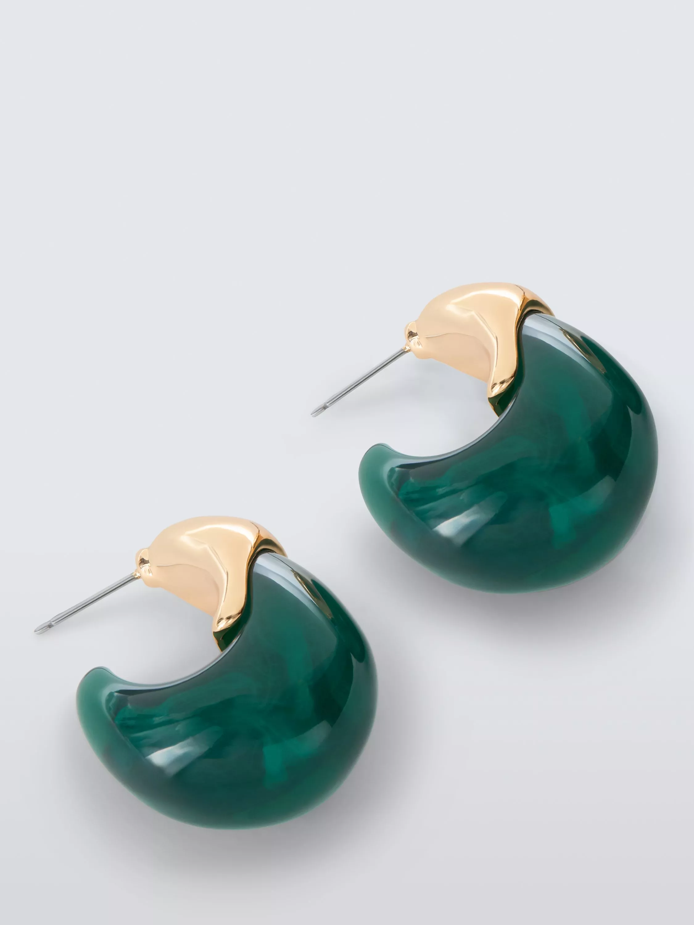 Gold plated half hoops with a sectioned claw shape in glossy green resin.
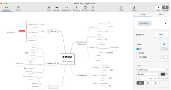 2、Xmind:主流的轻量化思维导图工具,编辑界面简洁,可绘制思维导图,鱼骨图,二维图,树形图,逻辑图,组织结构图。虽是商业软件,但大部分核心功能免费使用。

══════════════════════════════

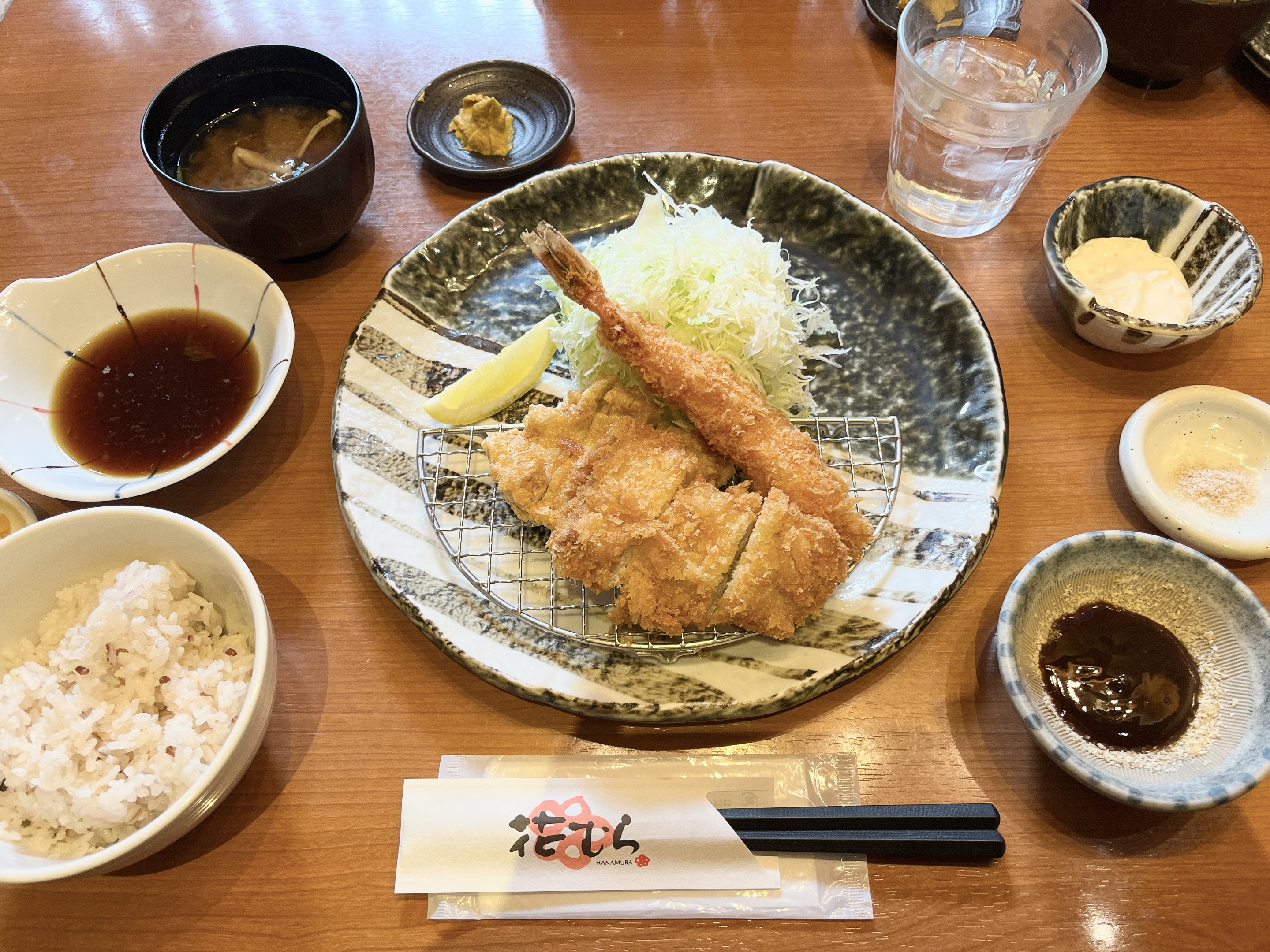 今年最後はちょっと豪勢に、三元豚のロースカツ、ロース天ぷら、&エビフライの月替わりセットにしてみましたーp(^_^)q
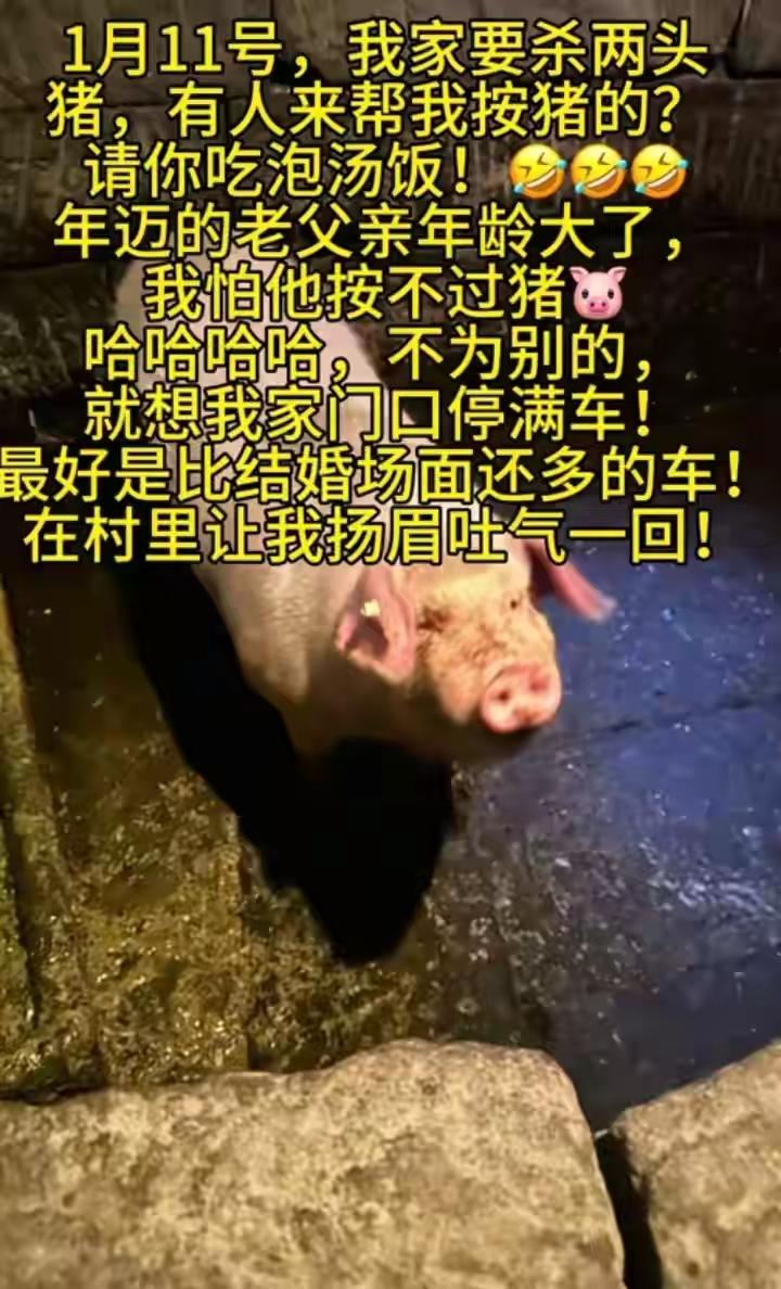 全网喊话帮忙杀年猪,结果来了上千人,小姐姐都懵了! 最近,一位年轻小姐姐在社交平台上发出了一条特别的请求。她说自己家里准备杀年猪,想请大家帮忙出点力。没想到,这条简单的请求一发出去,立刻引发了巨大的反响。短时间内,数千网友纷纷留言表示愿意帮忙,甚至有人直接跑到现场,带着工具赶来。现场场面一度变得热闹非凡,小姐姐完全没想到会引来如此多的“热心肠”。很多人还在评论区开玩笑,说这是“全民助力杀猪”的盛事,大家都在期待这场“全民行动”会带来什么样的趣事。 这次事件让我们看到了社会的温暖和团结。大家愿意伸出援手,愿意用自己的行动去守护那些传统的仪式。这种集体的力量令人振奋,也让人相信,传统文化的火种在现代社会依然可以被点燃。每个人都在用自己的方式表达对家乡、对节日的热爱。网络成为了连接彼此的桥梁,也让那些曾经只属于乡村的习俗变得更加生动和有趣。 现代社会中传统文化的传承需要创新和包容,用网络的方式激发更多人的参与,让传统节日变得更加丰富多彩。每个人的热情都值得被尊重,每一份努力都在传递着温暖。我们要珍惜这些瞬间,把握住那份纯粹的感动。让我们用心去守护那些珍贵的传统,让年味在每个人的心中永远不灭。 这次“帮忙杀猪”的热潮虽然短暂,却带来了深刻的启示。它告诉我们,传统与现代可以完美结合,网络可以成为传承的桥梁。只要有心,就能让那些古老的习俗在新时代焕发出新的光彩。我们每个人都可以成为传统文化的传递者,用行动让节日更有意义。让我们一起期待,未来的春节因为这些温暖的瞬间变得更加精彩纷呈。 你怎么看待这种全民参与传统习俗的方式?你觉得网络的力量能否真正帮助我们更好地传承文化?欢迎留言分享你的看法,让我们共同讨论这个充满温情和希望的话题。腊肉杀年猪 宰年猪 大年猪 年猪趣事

══════════════════════════════

YOUR OBJECTIVE » Using the records above, repeat exactly the run of lines that starts with the line with "今年最後はちょっと豪勢に、三" and goes on through the line with "宰年猪 大年猪 年猪趣事"; omit each picture.

EXERCISE RESULT »
 今年最後はちょっと豪勢に、三元豚のロースカツ、ロース天ぷら、&エビフライの月替わりセットにしてみましたーp(^_^)q
 全网喊话帮忙杀年猪,结果来了上千人,小姐姐都懵了! 最近,一位年轻小姐姐在社交平台上发出了一条特别的请求。她说自己家里准备杀年猪,想请大家帮忙出点力。没想到,这条简单的请求一发出去,立刻引发了巨大的反响。短时间内,数千网友纷纷留言表示愿意帮忙,甚至有人直接跑到现场,带着工具赶来。现场场面一度变得热闹非凡,小姐姐完全没想到会引来如此多的“热心肠”。很多人还在评论区开玩笑,说这是“全民助力杀猪”的盛事,大家都在期待这场“全民行动”会带来什么样的趣事。 这次事件让我们看到了社会的温暖和团结。大家愿意伸出援手,愿意用自己的行动去守护那些传统的仪式。这种集体的力量令人振奋,也让人相信,传统文化的火种在现代社会依然可以被点燃。每个人都在用自己的方式表达对家乡、对节日的热爱。网络成为了连接彼此的桥梁,也让那些曾经只属于乡村的习俗变得更加生动和有趣。 现代社会中传统文化的传承需要创新和包容,用网络的方式激发更多人的参与,让传统节日变得更加丰富多彩。每个人的热情都值得被尊重,每一份努力都在传递着温暖。我们要珍惜这些瞬间,把握住那份纯粹的感动。让我们用心去守护那些珍贵的传统,让年味在每个人的心中永远不灭。 这次“帮忙杀猪”的热潮虽然短暂,却带来了深刻的启示。它告诉我们,传统与现代可以完美结合,网络可以成为传承的桥梁。只要有心,就能让那些古老的习俗在新时代焕发出新的光彩。我们每个人都可以成为传统文化的传递者,用行动让节日更有意义。让我们一起期待,未来的春节因为这些温暖的瞬间变得更加精彩纷呈。 你怎么看待这种全民参与传统习俗的方式?你觉得网络的力量能否真正帮助我们更好地传承文化?欢迎留言分享你的看法,让我们共同讨论这个充满温情和希望的话题。腊肉杀年猪 宰年猪 大年猪 年猪趣事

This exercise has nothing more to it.